Step 1. Upload the dataset
Some requirements for the dataset are:
- Must be in tabular format with variable names in the first row.
- Must have no missing data.
- Must contain only continuous and categorical variables (no censoring).
- Ordinal variables will be treated as continuous if there are more than 5 categories.
- To treat these as categorical, combine categories to reduce the number to 5.
- To treat these as continuous, use real numbered values (e.g. 2.0, 3.0, etc.).
- You can use the Check my Data button to confirm proper format
Step 2. Configure the experiment
The meaning of each parameter is as follows:
Pref-Div parameters
Number of variables to be selected - This is the number of continuous features to be selected.
hese selected features, the target variable, and all of the categorical variables will be used for graphical modeling.
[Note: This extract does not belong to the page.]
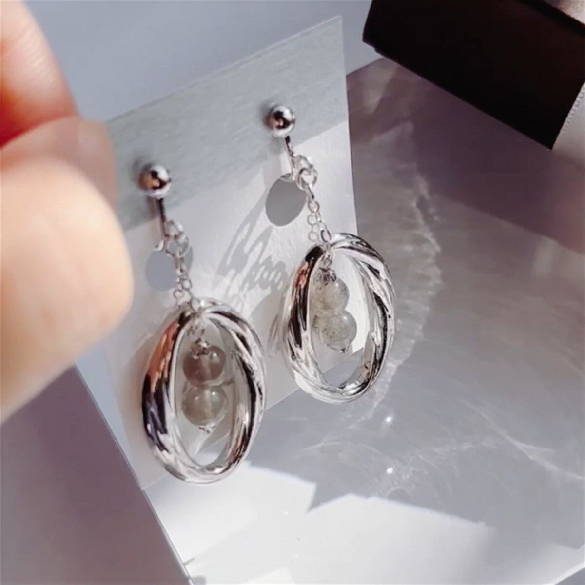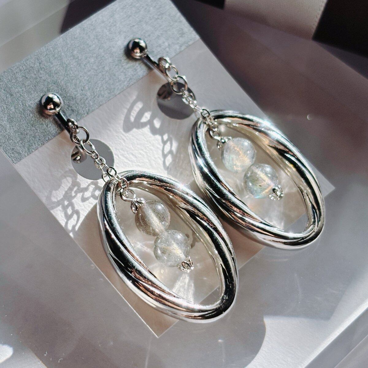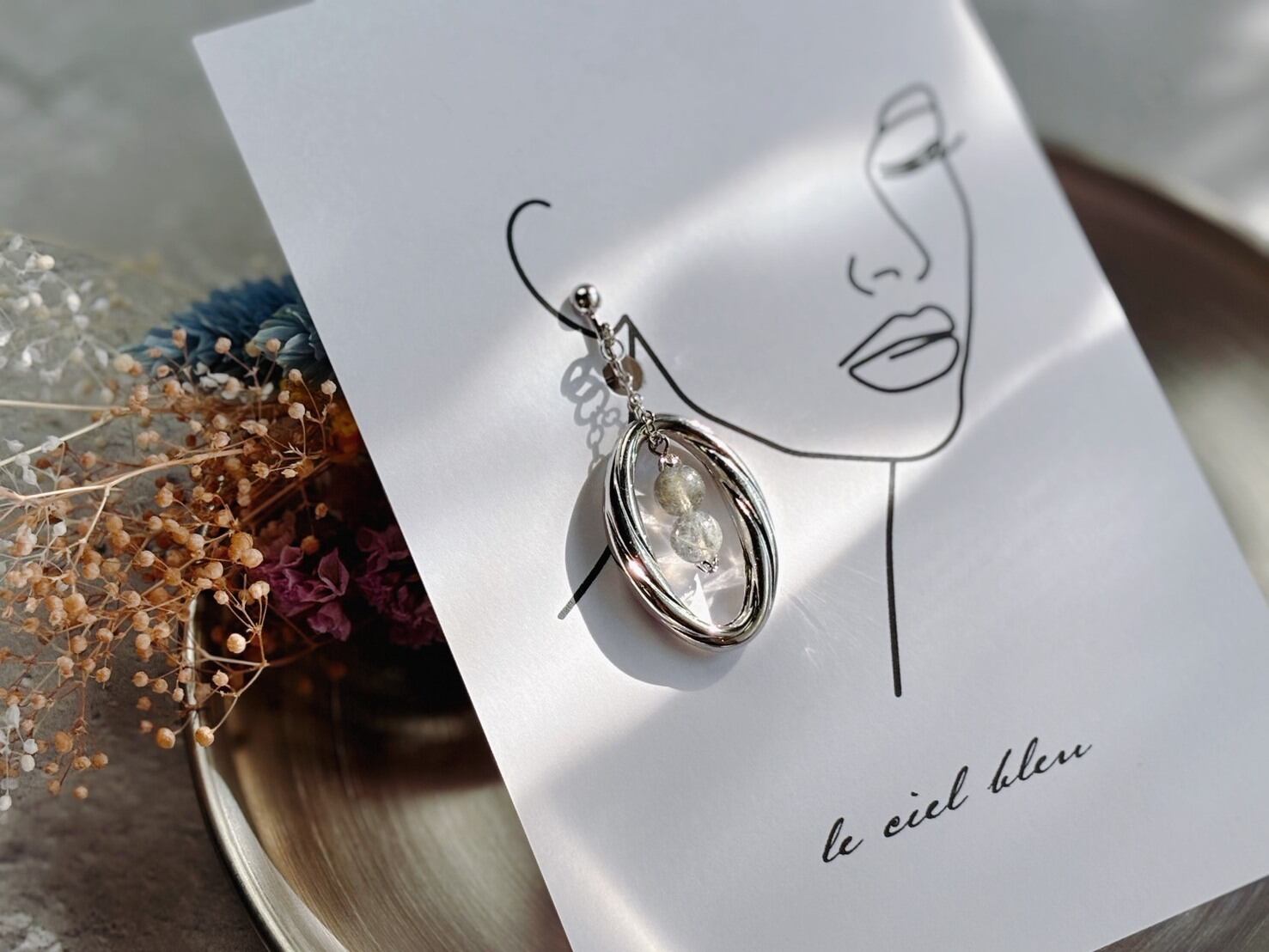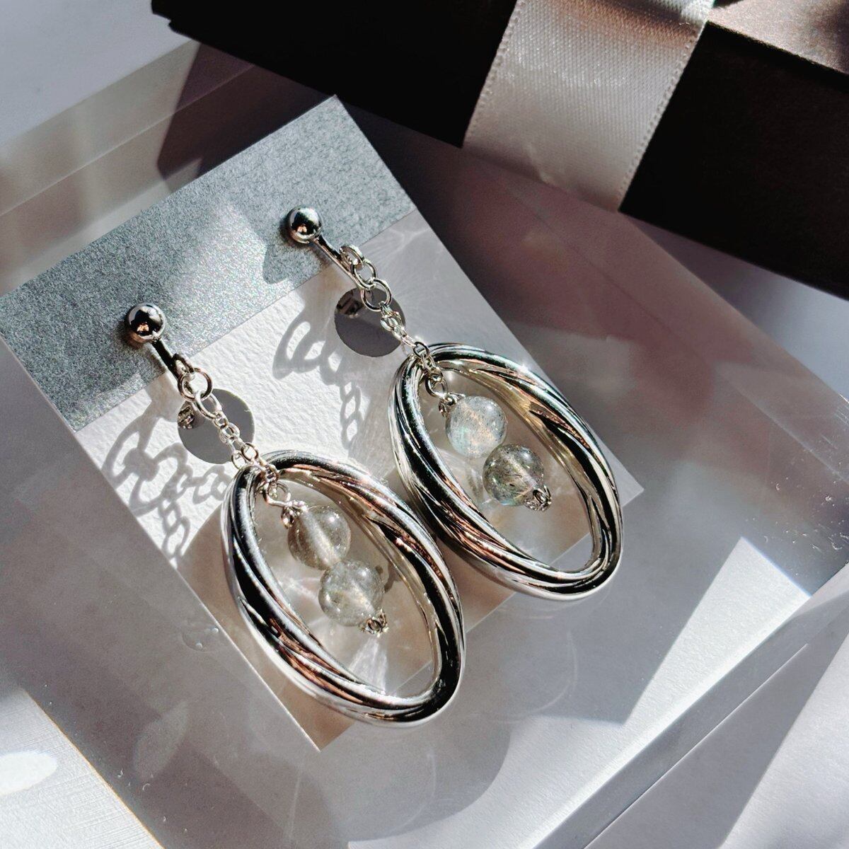 大人の女性にふさわしい「少しの華やかさ」が感じられるこのイヤリングは、カジュアルはもちろん、シックな装いにもぴったり。ラブラドライトの不思議な色味が耳元で揺れ、美しい動きを演出します。周囲の視線を惹きつけ、シンプルですが自分らしさを表現するアイテムとしても最適です。

A higher number enables a more accurate graphical model, but will take longer to run and will be more difficult to visualize/interpret.
Name of target variable - Which variable should be treated as the target variable?
Variables to Keep - Comma-separated list of continuous variables that should be automatically included in the final graphical model. (Not counted towards the "number of variables to be selected")
Automatic clustering - Redundant features will be represented as a cluster variable using Principal Component Analysis instead of a single representative of the entire cluster.
Graphical Modeling Parameters
Lambda parameters determine the sparsity level of the mixed graphical model. A higher lambda value results in fewer (but higher confidence) edges in the output graph. There are separate lambda parameters for each edge type.
Lambda 1 - Controls sparsity for edges between two continuous variables.
Lambda 2 - Controls sparsity for edges between continuous and categorical variables.
Lambda 3 - Controls sparsity for edges between two categorical variables.
Lambda values can be automatically chosen based on stability using the "Find Lambdas" button. Note that this operation can be time consuming for large datasets.
Alpha - PC-Stable requires an alpha value. This is the p-value threshold for the conditional independence tests. A lower alpha value means a sparser graph because fewer tests will meet the threshold for significance.